= RECORDS TO USE =
[Start of Attachment]
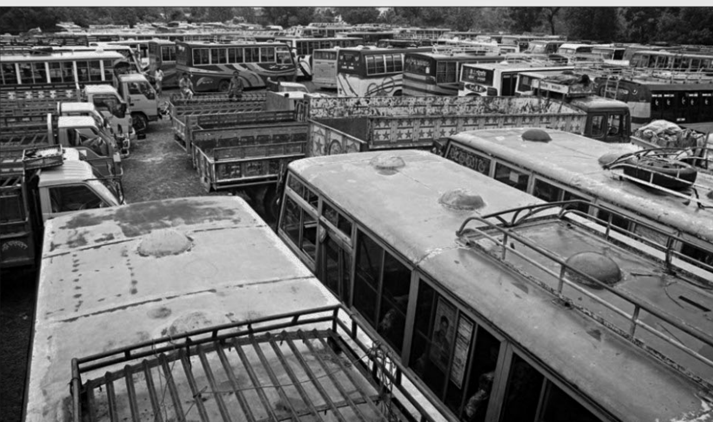
Police requisition many buses for today's Chittagong City Corporation election duty. The picture was taken from Dampara police lines ground in the port city of Chittagong yesterday.
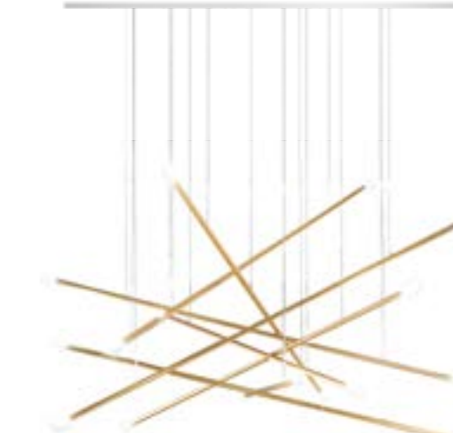
J.CHA-URA/16 URANIA Ceiling lamp with 8 brass tubes and 16 lights. Ceiling rose in white metal. ø 255 x h 100/200 cm
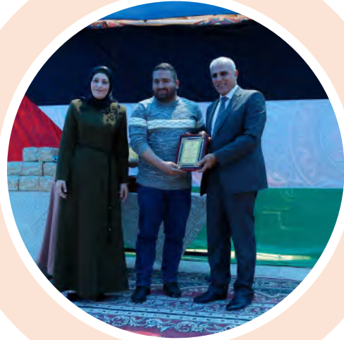
best School Radio award
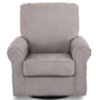
C Upholstered Glider
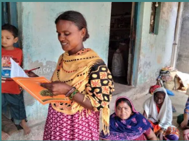
Adult Literacy Program in India
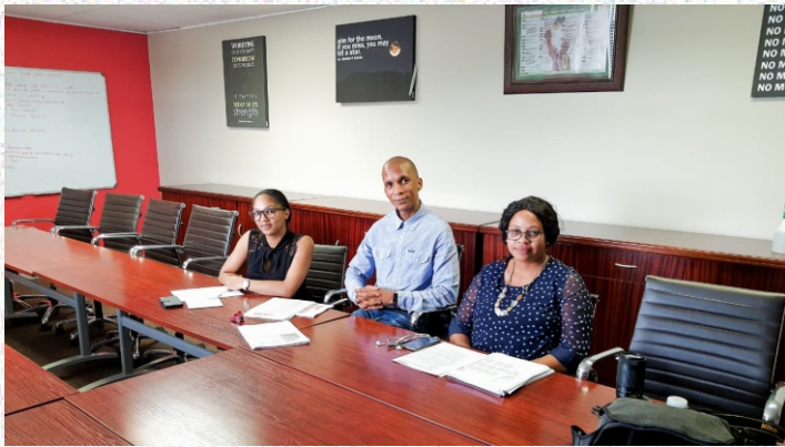
KTVR Public Relations Department
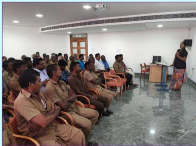
Awareness Programme on GPS to DS Institution Bus Drivers
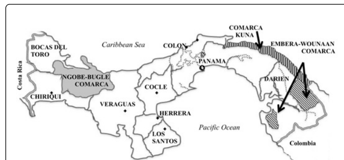
Figure 1: Map of Panama's Provinces showing the locations of samples collections. The number of samples collected per province representing the percentage of contribution to the country's population is Bocas Del Toro n=9 (2.8%) Coclé n=23 (7%), Colon n=25 (7.4%), Chiriqui n=48 (14%), Darien n=5 (1.4%), Herrera n=14 (4%), Los Santos n=12 (3.4%), Panama n=174 (53%), Veraguas n=24 (7%).

Venous blood samples (10 mL) were obtained by phlebotomy and were collected into tubes containing EDTA anticoagulant buffer. Tubes were gently mixed to ensure that the EDTA and blood were adequately mixed. After extraction, blood samples were immediately processed or stored at 4°C, for a maximum of 1-4 days. Approximately 125 µL of blood were placed onto the center of each of four circles of commercially prepared FTA® cards (Whatman® FTA® card technology). An FTA-blood punch was used to cut a small piece of the FTA card-containing blood, and the small piece was processed for DNA extraction according to the procedure specified by the DNA IQ™ Reference Sample Kit for Maxwell® 16 (Promega® Corporation, Madison WI, USA). DNA samples were eluted in 300 µL of elution buffer; their concentration determined and later used for PCR amplification.
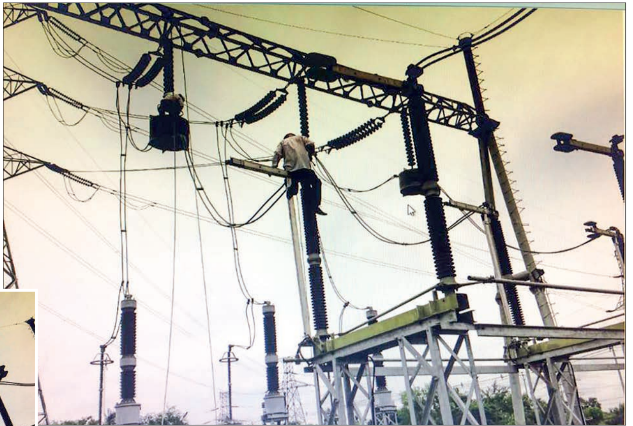
Repair work underway at the substation in Hlinethaya.

In addition, the Yangon City Development Committee performed the cutting and clearing of branches adjacent to the 33kV power line provided by the Department of Engineering (Water and Sanitation) to the Lagunbyin
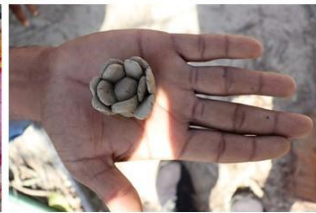
Local design studio session with sustainable materials to create prototypes for custom made mini aquariums
[End of Attachment]
Give back exactly the lines from the top of the records to the line containing "Awareness Programme on", both included, and no pictures.

Police requisition many buses for today's Chittagong City Corporation election duty. The picture was taken from Dampara police lines ground in the port city of Chittagong yesterday.
J.CHA-URA/16 URANIA Ceiling lamp with 8 brass tubes and 16 lights. Ceiling rose in white metal. ø 255 x h 100/200 cm
best School Radio award
C Upholstered Glider
Adult Literacy Program in India
KTVR Public Relations Department
Awareness Programme on GPS to DS Institution Bus Drivers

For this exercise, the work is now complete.